_ACTION ITEM_
Restate, in full and unchanged, the entries that follow, but not their pictures.

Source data
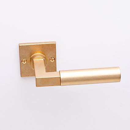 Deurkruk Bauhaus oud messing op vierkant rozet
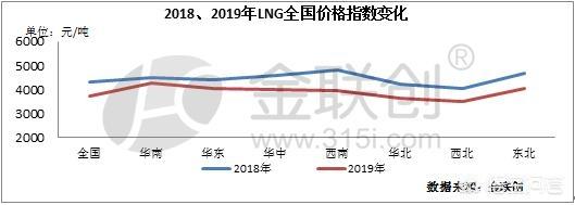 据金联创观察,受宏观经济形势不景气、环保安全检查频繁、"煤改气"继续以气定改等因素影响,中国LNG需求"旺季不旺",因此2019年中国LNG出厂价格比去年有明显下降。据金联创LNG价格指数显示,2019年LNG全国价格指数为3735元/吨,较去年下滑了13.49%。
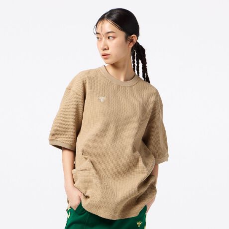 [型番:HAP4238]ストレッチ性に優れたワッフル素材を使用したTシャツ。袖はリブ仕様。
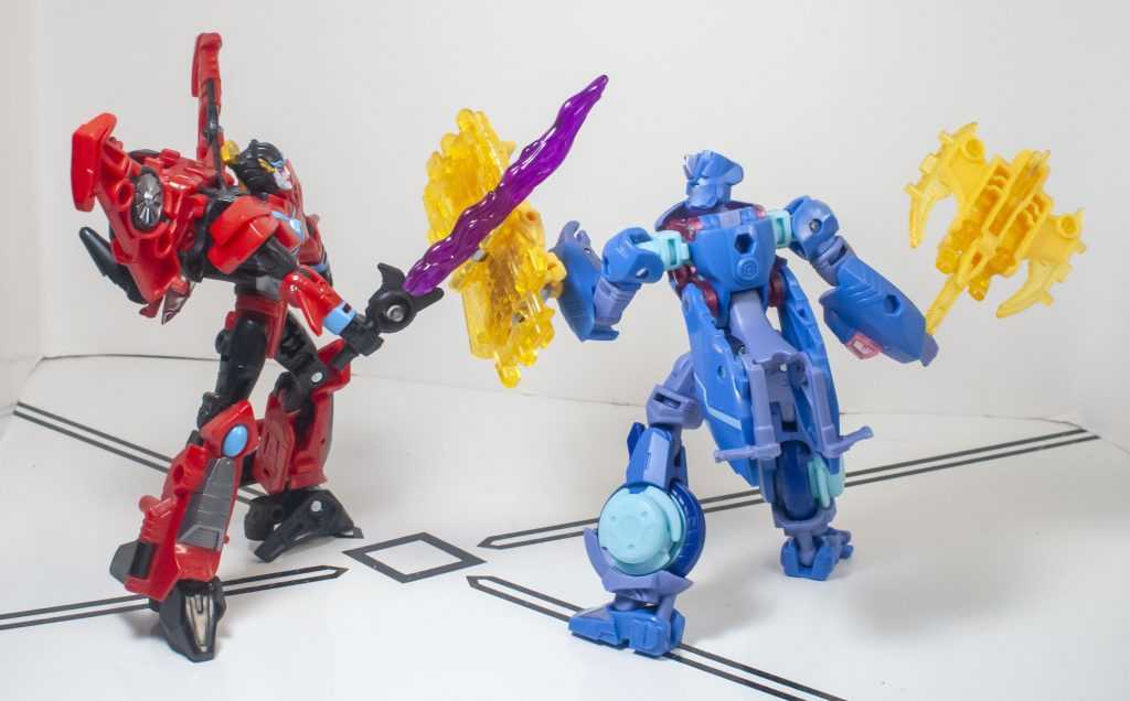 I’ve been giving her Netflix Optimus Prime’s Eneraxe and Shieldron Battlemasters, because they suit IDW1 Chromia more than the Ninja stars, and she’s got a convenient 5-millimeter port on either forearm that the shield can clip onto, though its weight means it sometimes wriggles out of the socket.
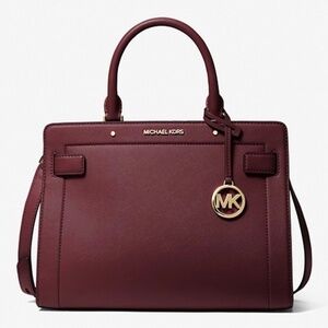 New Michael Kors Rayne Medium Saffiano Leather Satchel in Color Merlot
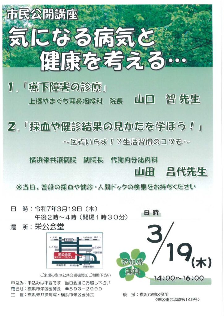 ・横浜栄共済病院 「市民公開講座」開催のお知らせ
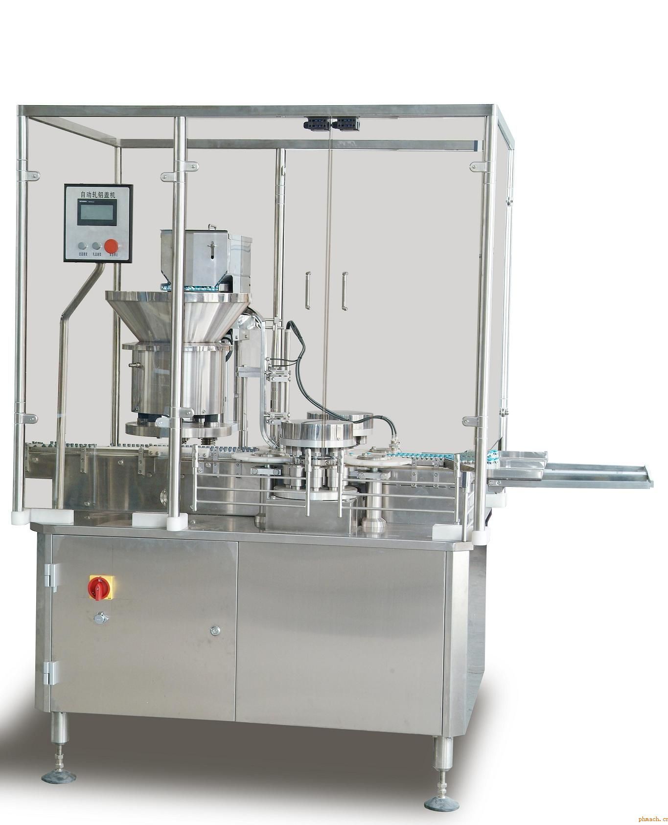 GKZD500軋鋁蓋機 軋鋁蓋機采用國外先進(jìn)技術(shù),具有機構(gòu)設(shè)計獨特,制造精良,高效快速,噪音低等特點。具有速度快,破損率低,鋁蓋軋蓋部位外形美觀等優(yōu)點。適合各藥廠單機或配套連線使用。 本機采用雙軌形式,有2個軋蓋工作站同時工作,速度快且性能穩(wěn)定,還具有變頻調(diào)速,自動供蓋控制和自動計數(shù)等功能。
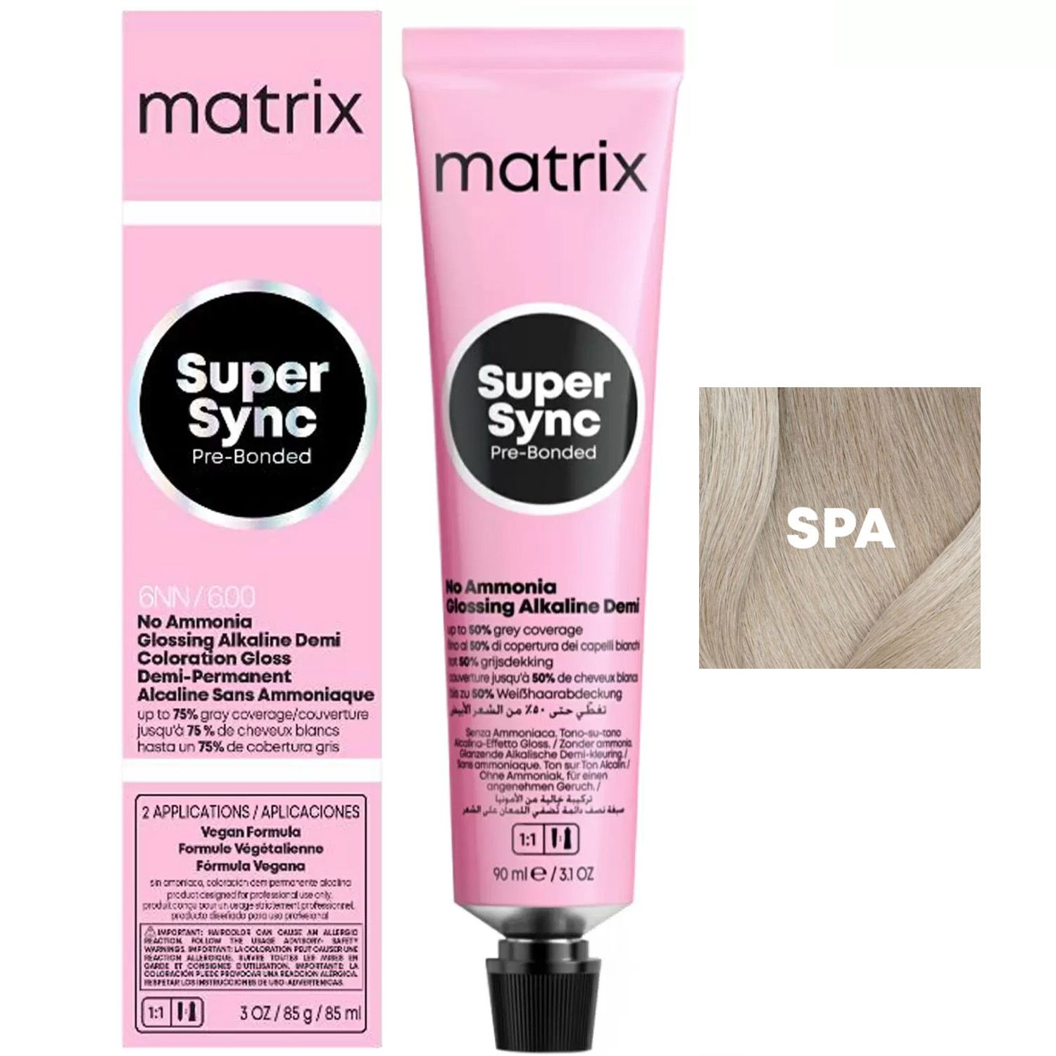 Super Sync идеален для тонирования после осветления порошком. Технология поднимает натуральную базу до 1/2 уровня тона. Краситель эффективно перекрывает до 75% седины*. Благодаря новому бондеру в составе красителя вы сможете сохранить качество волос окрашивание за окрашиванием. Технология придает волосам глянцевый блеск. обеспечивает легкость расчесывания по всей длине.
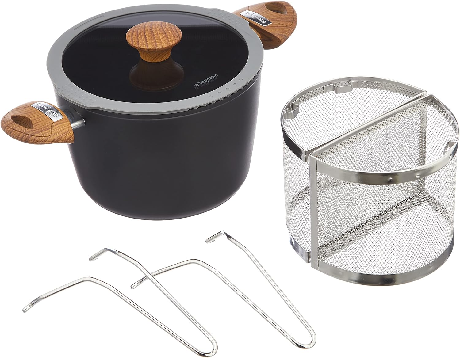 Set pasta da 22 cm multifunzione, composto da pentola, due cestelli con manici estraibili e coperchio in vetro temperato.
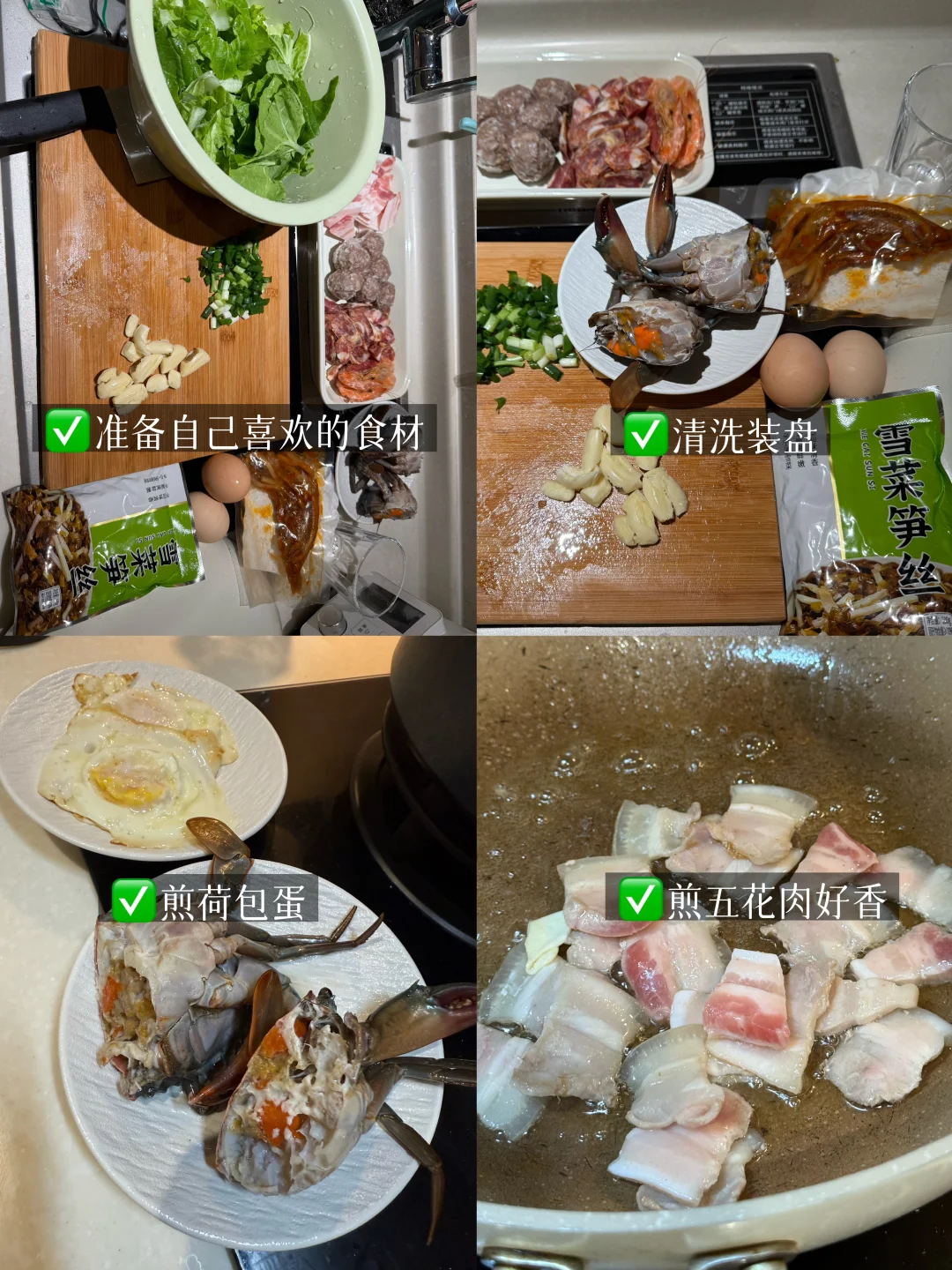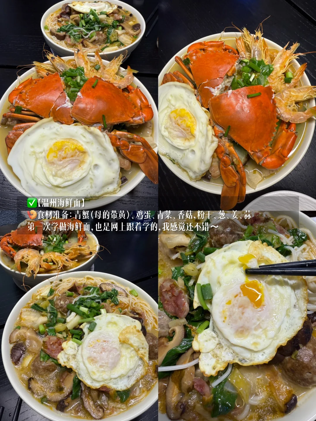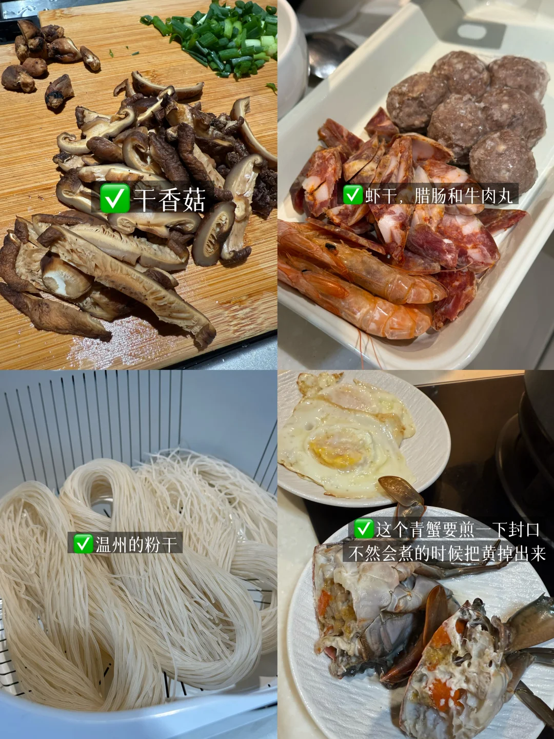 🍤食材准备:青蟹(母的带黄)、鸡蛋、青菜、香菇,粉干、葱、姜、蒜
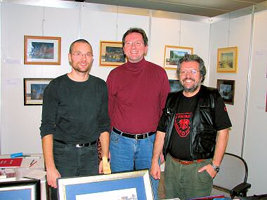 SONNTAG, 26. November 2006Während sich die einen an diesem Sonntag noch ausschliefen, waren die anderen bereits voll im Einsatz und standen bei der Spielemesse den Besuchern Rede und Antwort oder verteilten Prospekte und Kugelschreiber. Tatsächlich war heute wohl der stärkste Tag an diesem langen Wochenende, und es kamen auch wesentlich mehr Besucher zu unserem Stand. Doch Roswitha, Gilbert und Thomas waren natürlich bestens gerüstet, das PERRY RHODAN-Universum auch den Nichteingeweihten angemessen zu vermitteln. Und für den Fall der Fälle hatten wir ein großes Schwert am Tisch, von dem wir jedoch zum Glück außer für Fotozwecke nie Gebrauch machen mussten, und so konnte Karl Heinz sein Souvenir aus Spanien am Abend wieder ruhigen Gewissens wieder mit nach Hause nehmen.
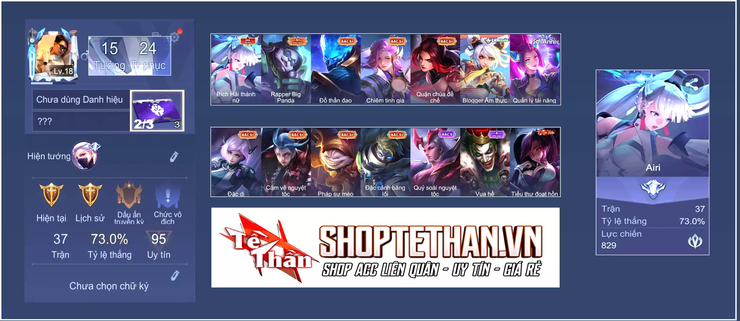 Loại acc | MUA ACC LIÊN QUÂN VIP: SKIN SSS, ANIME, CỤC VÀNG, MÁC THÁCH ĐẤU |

_ANSWER_
 Deurkruk Bauhaus oud messing op vierkant rozet
 据金联创观察,受宏观经济形势不景气、环保安全检查频繁、"煤改气"继续以气定改等因素影响,中国LNG需求"旺季不旺",因此2019年中国LNG出厂价格比去年有明显下降。据金联创LNG价格指数显示,2019年LNG全国价格指数为3735元/吨,较去年下滑了13.49%。
 [型番:HAP4238]ストレッチ性に優れたワッフル素材を使用したTシャツ。袖はリブ仕様。
 I’ve been giving her Netflix Optimus Prime’s Eneraxe and Shieldron Battlemasters, because they suit IDW1 Chromia more than the Ninja stars, and she’s got a convenient 5-millimeter port on either forearm that the shield can clip onto, though its weight means it sometimes wriggles out of the socket.
 New Michael Kors Rayne Medium Saffiano Leather Satchel in Color Merlot
 ・横浜栄共済病院 「市民公開講座」開催のお知らせ
 GKZD500軋鋁蓋機 軋鋁蓋機采用國外先進(jìn)技術(shù),具有機構(gòu)設(shè)計獨特,制造精良,高效快速,噪音低等特點。具有速度快,破損率低,鋁蓋軋蓋部位外形美觀等優(yōu)點。適合各藥廠單機或配套連線使用。 本機采用雙軌形式,有2個軋蓋工作站同時工作,速度快且性能穩(wěn)定,還具有變頻調(diào)速,自動供蓋控制和自動計數(shù)等功能。
 Super Sync идеален для тонирования после осветления порошком. Технология поднимает натуральную базу до 1/2 уровня тона. Краситель эффективно перекрывает до 75% седины*. Благодаря новому бондеру в составе красителя вы сможете сохранить качество волос окрашивание за окрашиванием. Технология придает волосам глянцевый блеск. обеспечивает легкость расчесывания по всей длине.
 Set pasta da 22 cm multifunzione, composto da pentola, due cestelli con manici estraibili e coperchio in vetro temperato.
 🍤食材准备:青蟹(母的带黄)、鸡蛋、青菜、香菇,粉干、葱、姜、蒜
 SONNTAG, 26. November 2006Während sich die einen an diesem Sonntag noch ausschliefen, waren die anderen bereits voll im Einsatz und standen bei der Spielemesse den Besuchern Rede und Antwort oder verteilten Prospekte und Kugelschreiber. Tatsächlich war heute wohl der stärkste Tag an diesem langen Wochenende, und es kamen auch wesentlich mehr Besucher zu unserem Stand. Doch Roswitha, Gilbert und Thomas waren natürlich bestens gerüstet, das PERRY RHODAN-Universum auch den Nichteingeweihten angemessen zu vermitteln. Und für den Fall der Fälle hatten wir ein großes Schwert am Tisch, von dem wir jedoch zum Glück außer für Fotozwecke nie Gebrauch machen mussten, und so konnte Karl Heinz sein Souvenir aus Spanien am Abend wieder ruhigen Gewissens wieder mit nach Hause nehmen.
 Loại acc | MUA ACC LIÊN QUÂN VIP: SKIN SSS, ANIME, CỤC VÀNG, MÁC THÁCH ĐẤU |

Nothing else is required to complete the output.